● **Activity**
The task calls for the lines below from the line with "Общая площадь 37.4 м2" to the line with "Au rez bel étage", both ends included, copied exactly, without any pictures.

● **Data extracts**
--------------------------------
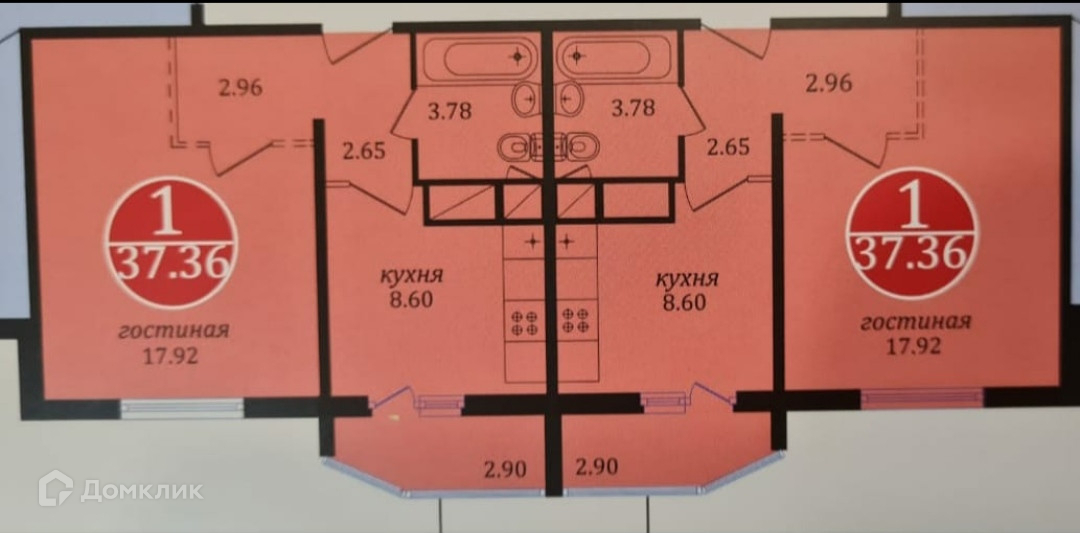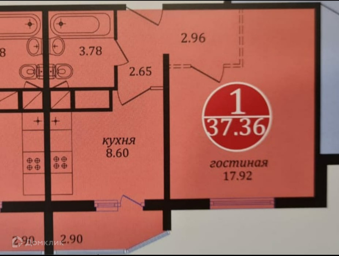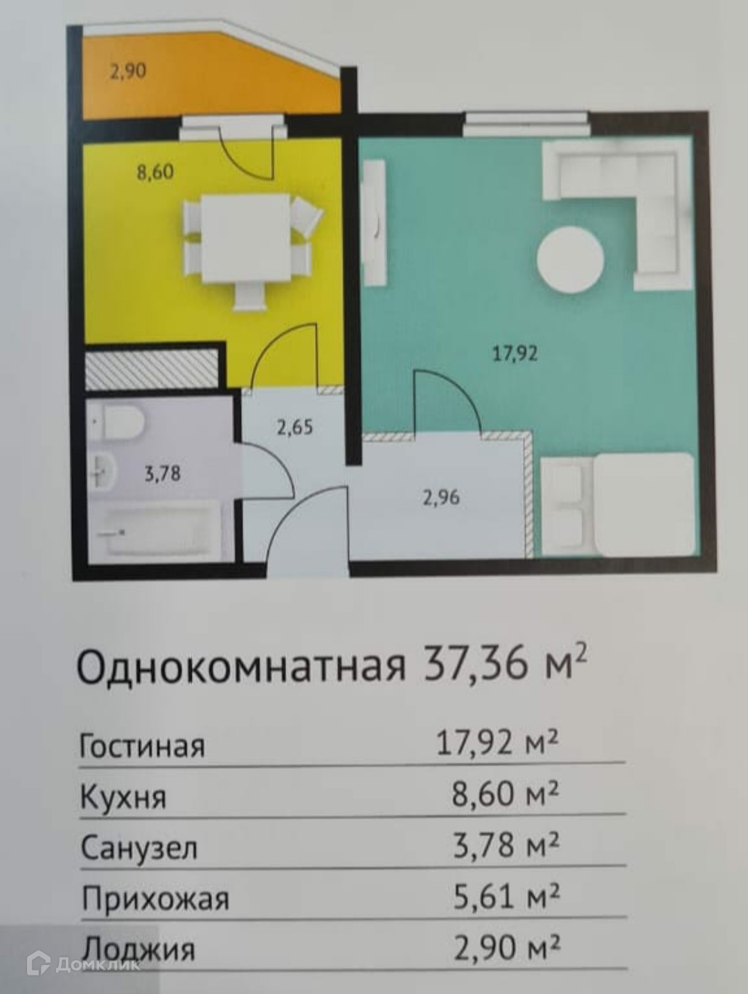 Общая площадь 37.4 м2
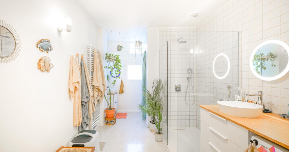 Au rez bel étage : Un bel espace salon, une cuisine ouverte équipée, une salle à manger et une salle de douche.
--------------------------------
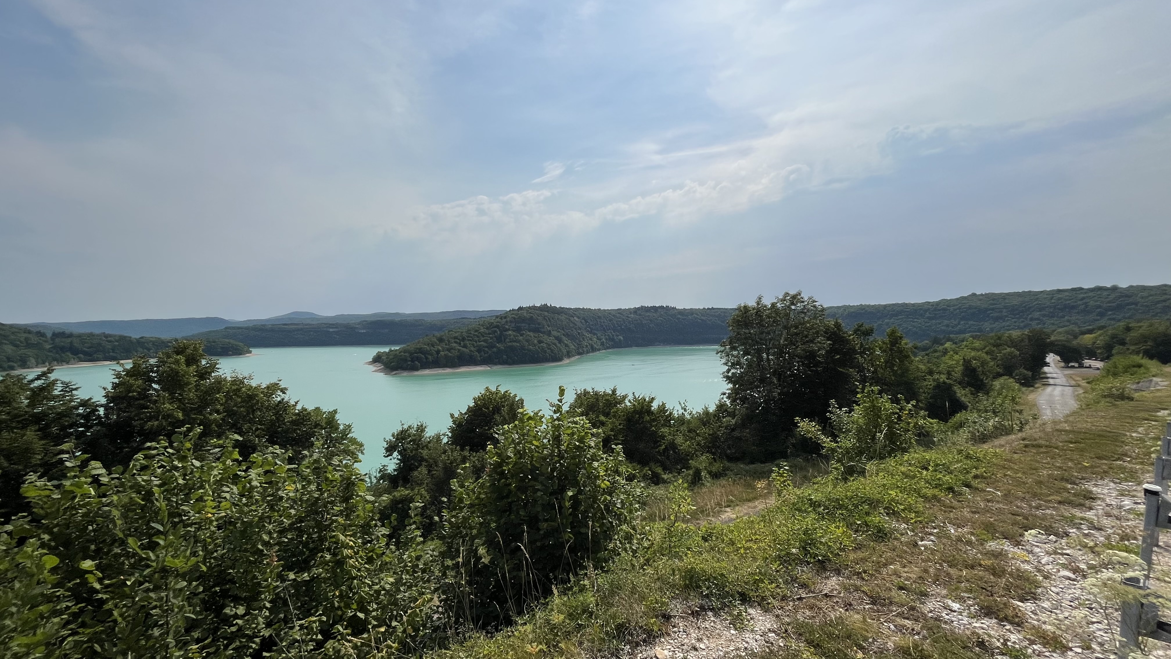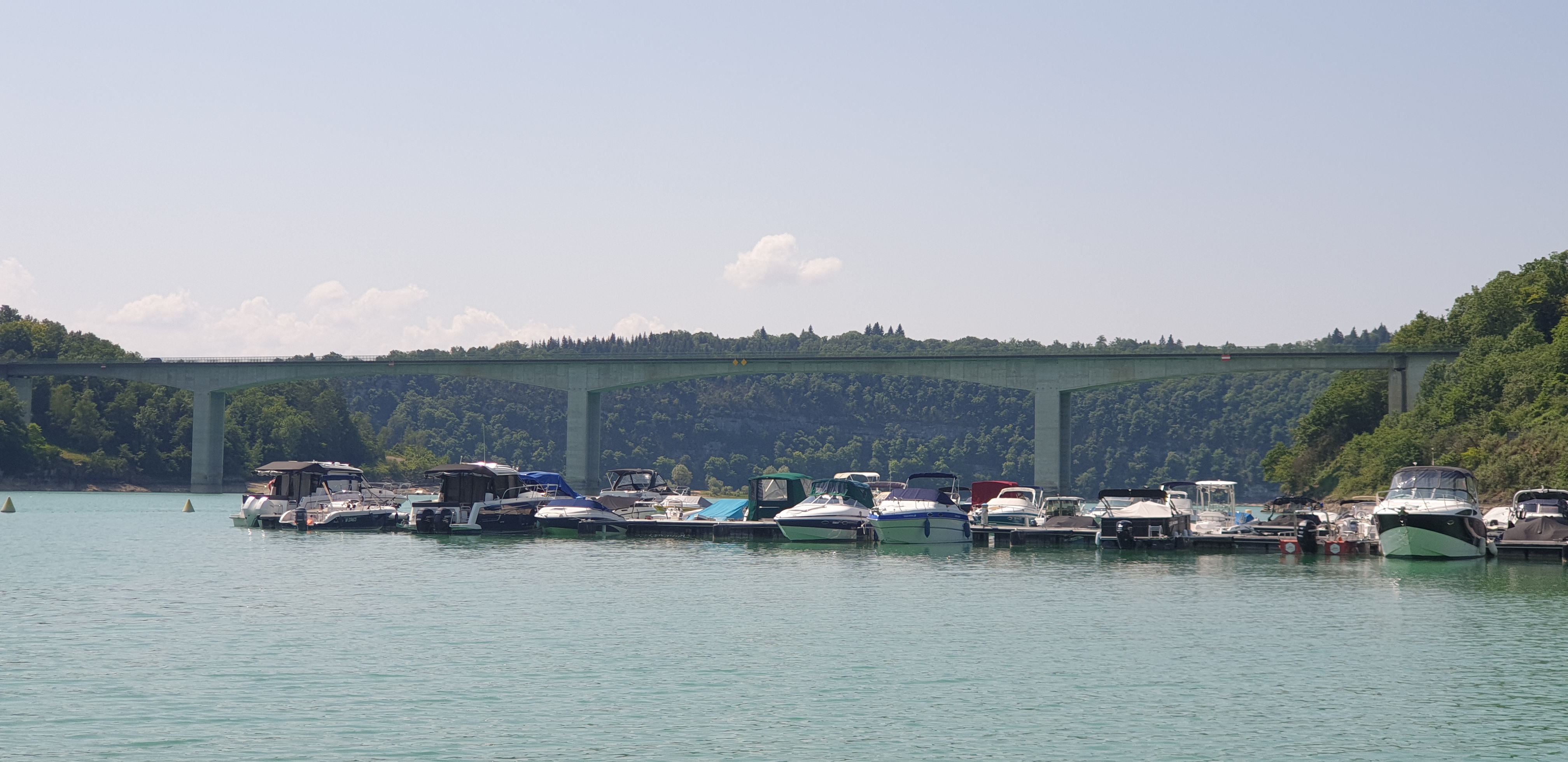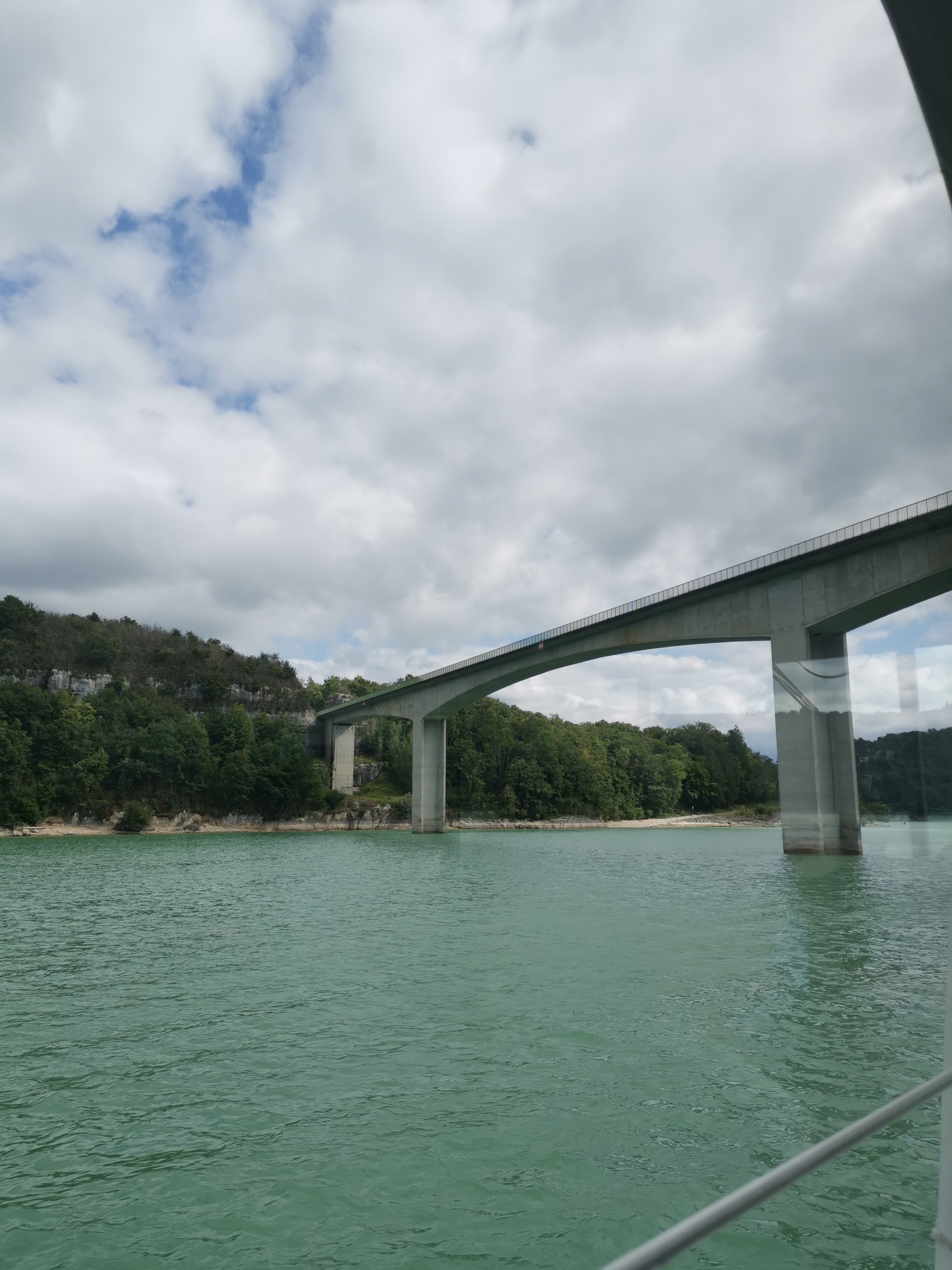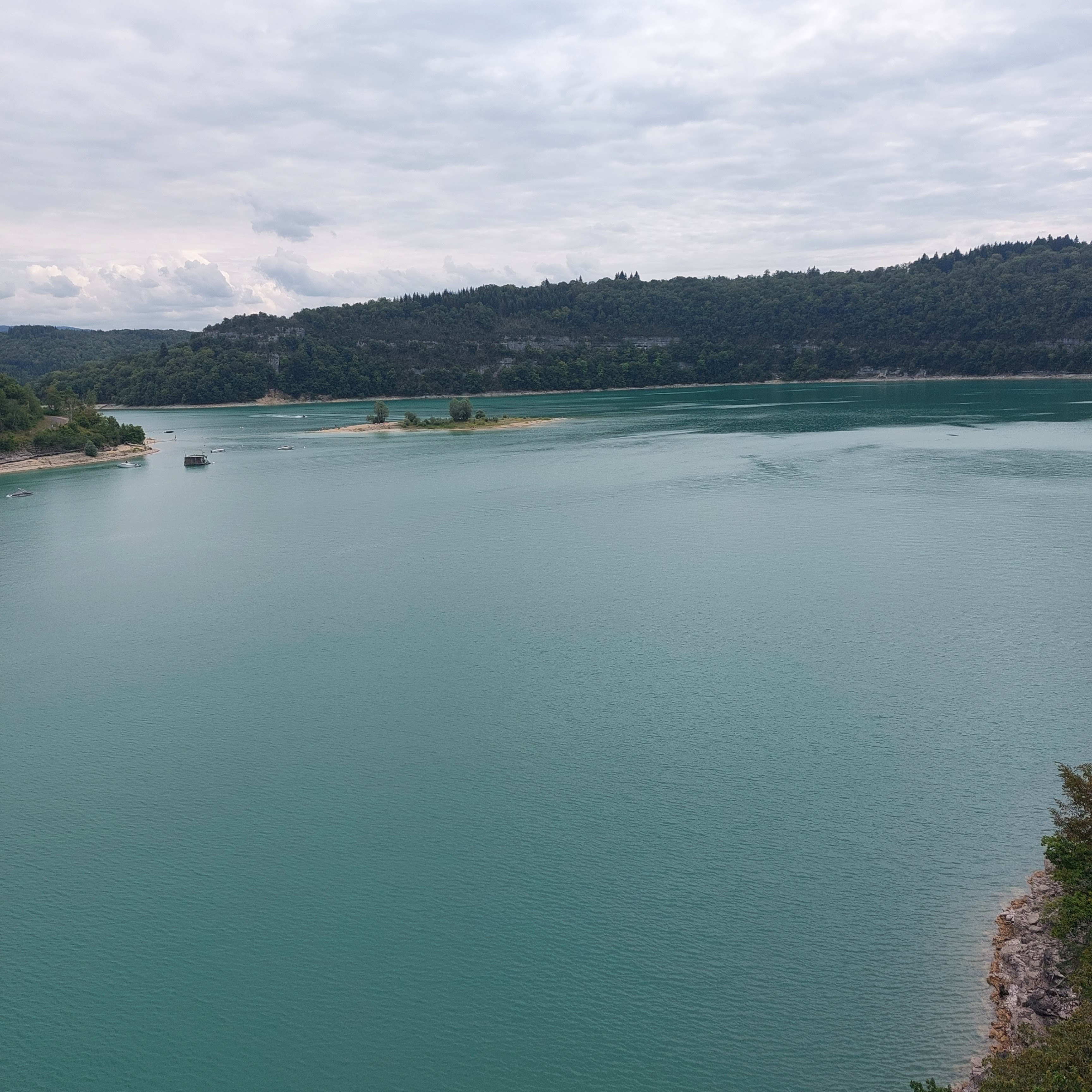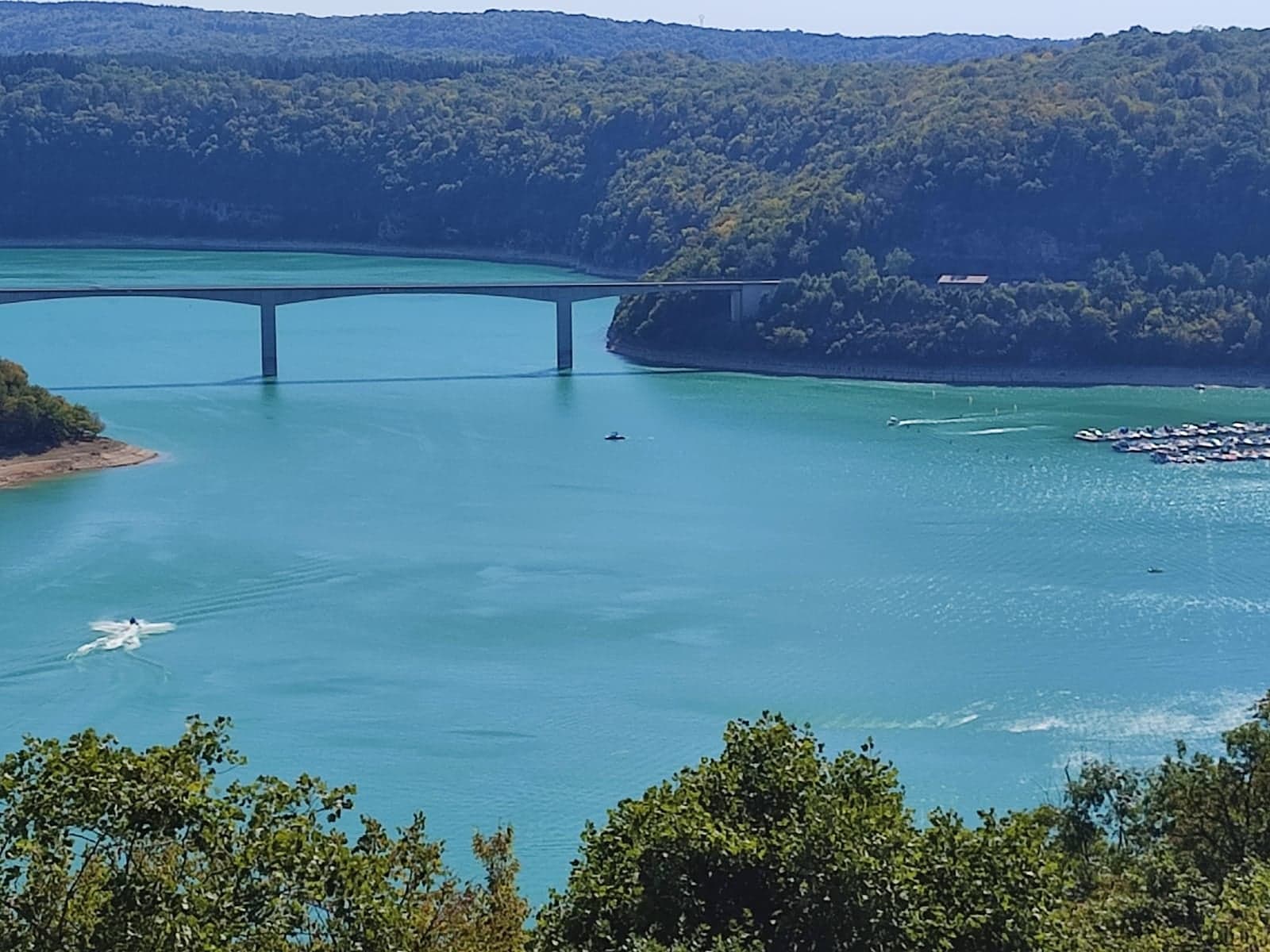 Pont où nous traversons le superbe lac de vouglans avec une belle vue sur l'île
--------------------------------
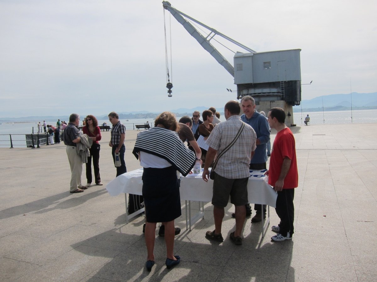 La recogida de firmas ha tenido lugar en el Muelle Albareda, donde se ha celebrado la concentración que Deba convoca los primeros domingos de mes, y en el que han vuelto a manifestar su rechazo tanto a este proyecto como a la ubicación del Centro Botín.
--------------------------------
● **Exercise response**
 Общая площадь 37.4 м2
 Au rez bel étage : Un bel espace salon, une cuisine ouverte équipée, une salle à manger et une salle de douche.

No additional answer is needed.